I thought about her company director father and account manager mother, both of whom saw decisiveness, hard work and focus as central to achieving success. Jess had always gone out of her way to avoid disappointing them. In our last year of school, she hadn't told her parents about achieving full marks on one module exam because it would have meant also telling them about a B-grade on another. She always brought causal clothes to my house when staying over after a night out. Partly this was for comfort the next morning but she also told me that it was so she could go home the next morning without giving the impression that she had stayed over at someone's house in unplanned circumstances. One night, while Jess was slightly drunk and talking to me from the bed as I lay in my sleeping bag on the floor, she confessed that her parents assumed we were a couple. Although she had never lied about it to them, she had also never denied it as a boyfriend with high grades and an acute sense of purposes offered a shield to deflect scrutiny of her tendency to skip from one aspiration to another without fixing on anything for long.
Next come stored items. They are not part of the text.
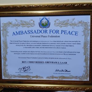 The Universal Peace Federation’s Ambassador for Peace award is given to individuals who exemplify the values of peace, compassion, and service to humanity.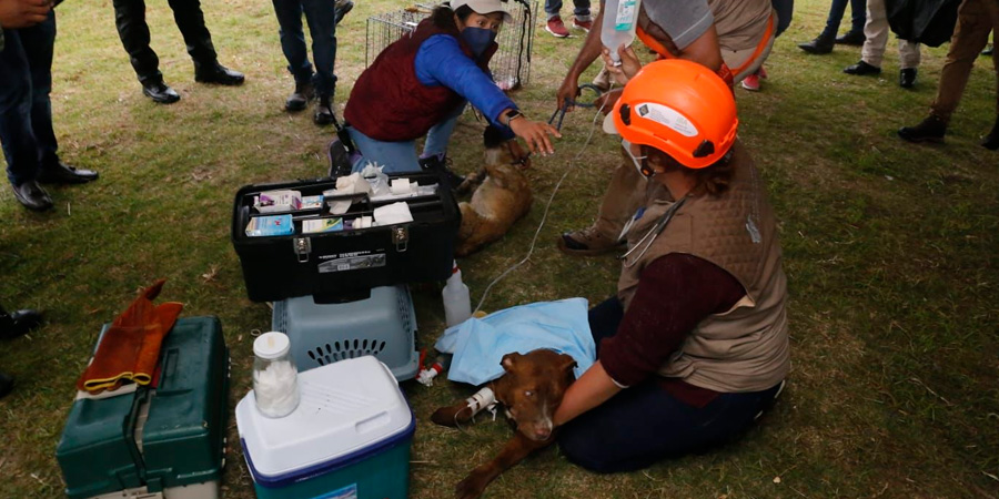 A pesar de una fuerte lluvia, elementos de seguridad lograron rescatar a los dos perros que se encontraba atrapado en el socavón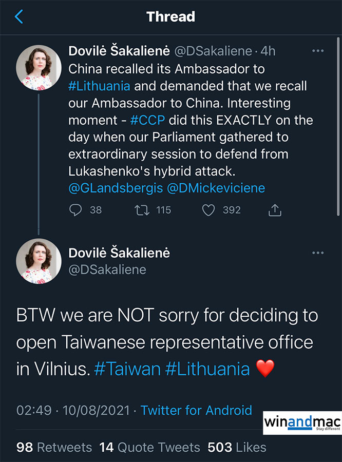 立陶宛早前允許台灣設立代表處,激嬲中國,中國連日不停反擊,要求立陶宛道歉,中國的原因當然又係話自古以來得一個中國。中國外交部當局於10日,正式宣布召回駐立陶宛大使,並要求立陶宛召回駐中國大使。立陶宛國會議員Dovilė Šakalienė在Twitter忍不住發表文章串中國,指他們對於允許台灣設立代表處事情唔會講對唔住。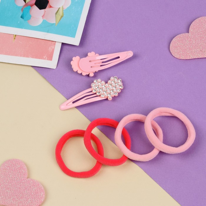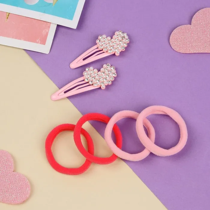 - Элегантный дизайн: в состав набора входят 4 розовых резинки и 2 миниатюрные заколки с изящными сердечками. Яркое оформление привлекает внимание и подходит для любого случая.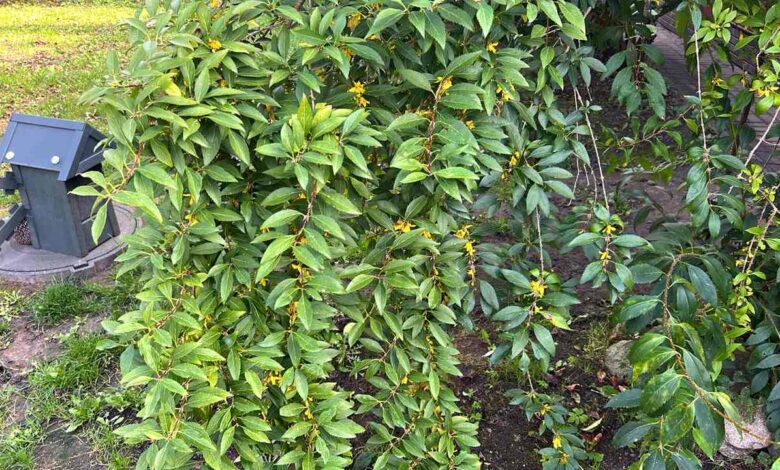 Еще одна красота из одного из частных дворов. Здесь в сентябре цветами порадовала хозяйку форзи́ция (еще ее называют форсайтией). Обычно ярко-желтые цветы здесь появляются в апреле, еще до того, как распустятся даже листья. Но в этом году растение решило зацвести еще и в сентябре.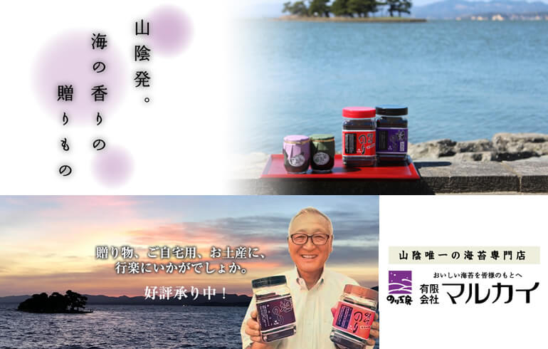 山陰(島根県・鳥取県)唯一の海苔専門店 のり工房 マルカイは、おいしい海苔を皆様のもとへ島根県松江市よりお届けします。島根県産の高級岩のり十六島海苔(うっぷるいのり)をはじめ国内から厳選した海苔を使用した味付のり、焼のり、磯のりなどを多彩にご用意しております。

If Jess sounds like the typical over-pressured middle class daughter, struggling to fulfil unrealistic expectations, it never seemed that simple to me. Whether her parents really judged her as harshly as she feared was always open to debate. Her occasional failings never appeared to have consequences and her choices, inconsistent and changeable as they might be, were generally supported rather than challenged or corrected. To me, it seemed likely that the pressure to conform to some vision of her future was as much internal as external. I suspected her parents would be open to Jess confiding in them and would support her through her current uncertainties rather than criticising them. It also seemed likely that Jess would emigrate before offering such confidences.
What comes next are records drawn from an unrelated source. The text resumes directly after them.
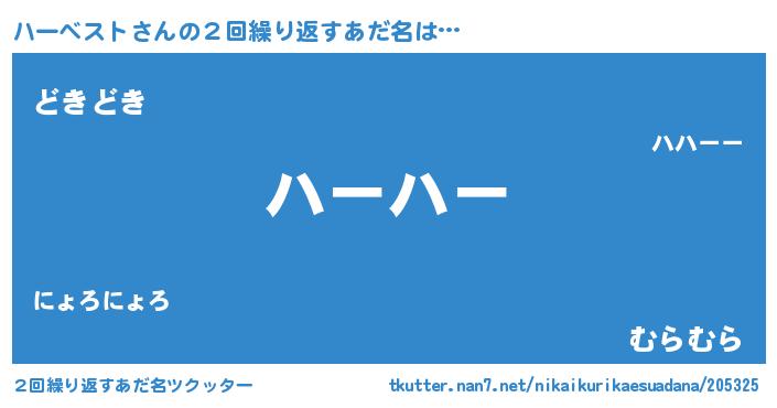 | ヒーロー風カッコイイあだ名 | 『スーパーハーベスト』『銀牙騎士ハー』 |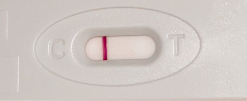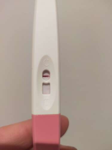 Ik zie wel een streepje maar hij is wel een beetje gek idd, je zou kunnen proberen om nog een test te doen en te kijken of het streepje daar wel gewoon normaal recht zit.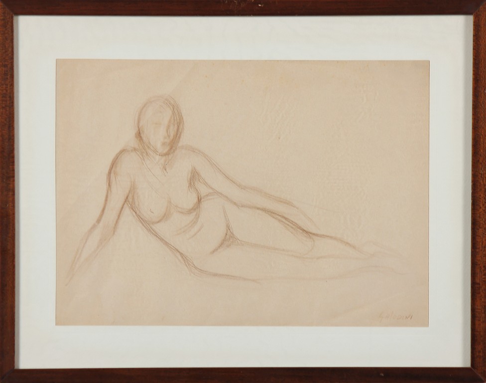 SALODINI CARLO (1903 - 1950) Nudo di donna. Matita su carta. Cm 23,00 x 30,00. Firmato in basso a destra. Cornice presente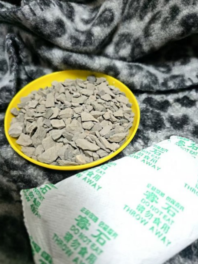 1.观形态:天然矿石经破碎活化,真品呈不规则的多孔颗粒状;假冒产品多为人工压制的规则圆球形。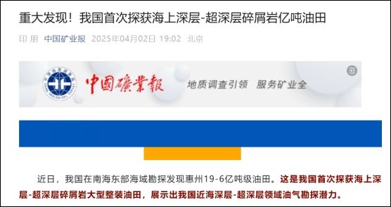 惠州19-6亿吨级油气田发现获央媒报道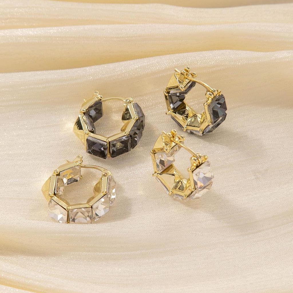 Korean Retro Square Crystal Ear Cuffs: 2024 Trendy High-End Luxury Earrings for Women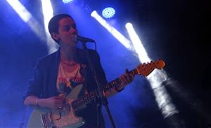 Imatge a peu d'escenari dels Manel el 6 de desembre de 2019 al Secret Vida. ACN

In between these reflections, I did also think about the evolution in my relationship with Jess. The night when Jess had texted me from the hotel still felt like a thrilling aberration, but it was clear that her manner had moved from familiar opaque flirtation to a more affectionate and intimate style. She now seemed to look to me for comfort as well as conversation and, for my part, I was forced to consider the previously implausible: that our moments of closeness might include more than the occasional instances when her natural exuberance and friendliness brought her close enough to see the smallest details of her skin. Those instances that lasted seconds and years before she would laughingly toss back her hair and return to a more neutral distance.

Jessica

If Matt had heard me last night, he showed no sign of it over breakfast. He seemed on edge at first and was quiet. That wasn't unusual though and there was no sign of discomfort by the time we had finished eating. For my part, I felt strangely content in unfamiliar surroundings. Our shared breakfast felt like a familiar routine established over many years rather than a temporary island surrounded by an undercurrent of emotion.

After Matt left, I took a quick shower and sat down at his desk. I read guidance on career crises, guidance on finding your ideal employer, guidance on writing a CV, and guidance on how not to write a CV. I checked the major jobs websites, made lists of possibilities and created further lists of their pros and cons. After four hours, I had identified five positions. Each had practical advantages, a realistic chance of appointing me, and no attractive features.